GIVEN RECORDS =>
++++
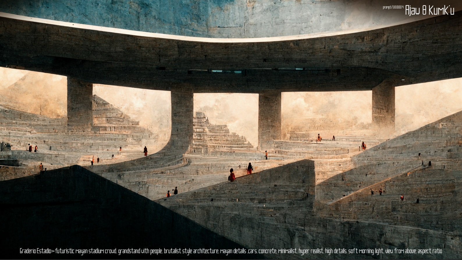
Graderio Estadio - futuristic mayan stadium crowd, grandstand with people, brutalist style architecture, mayan details, cars, concrete, minimalist, hyper realist, high details, soft morning light, view from above, aspect ratio
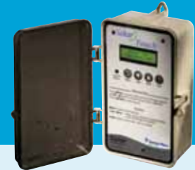
SolarTouch™ Solar System
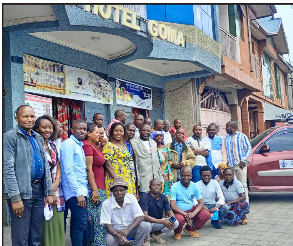
Business meeting held in Goma
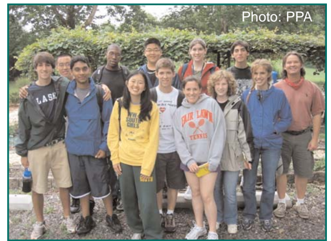
A class from the NJ Governor's School on the Environment met at the Farmstead in July for an overview of the Pinelands before embarking on a PPA-led field trip
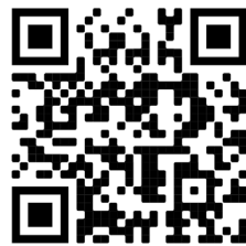
See Senva's Wet-Wet Products

Senva's PW31 stand-alone transducer achieves \pm 0.25\% accuracy at low DP ranges!
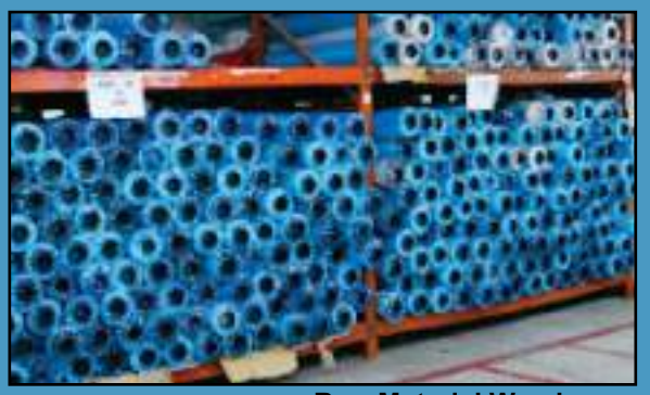
Raw Material Warehouse
++++
WORK TO COMPLETE => Give back every entry in its exact wording, leaving the pictures out.

ANSWER SPACE =>
Graderio Estadio - futuristic mayan stadium crowd, grandstand with people, brutalist style architecture, mayan details, cars, concrete, minimalist, hyper realist, high details, soft morning light, view from above, aspect ratio
SolarTouch™ Solar System
Business meeting held in Goma
A class from the NJ Governor's School on the Environment met at the Farmstead in July for an overview of the Pinelands before embarking on a PPA-led field trip
See Senva's Wet-Wet Products

Senva's PW31 stand-alone transducer achieves \pm 0.25\% accuracy at low DP ranges!
Raw Material Warehouse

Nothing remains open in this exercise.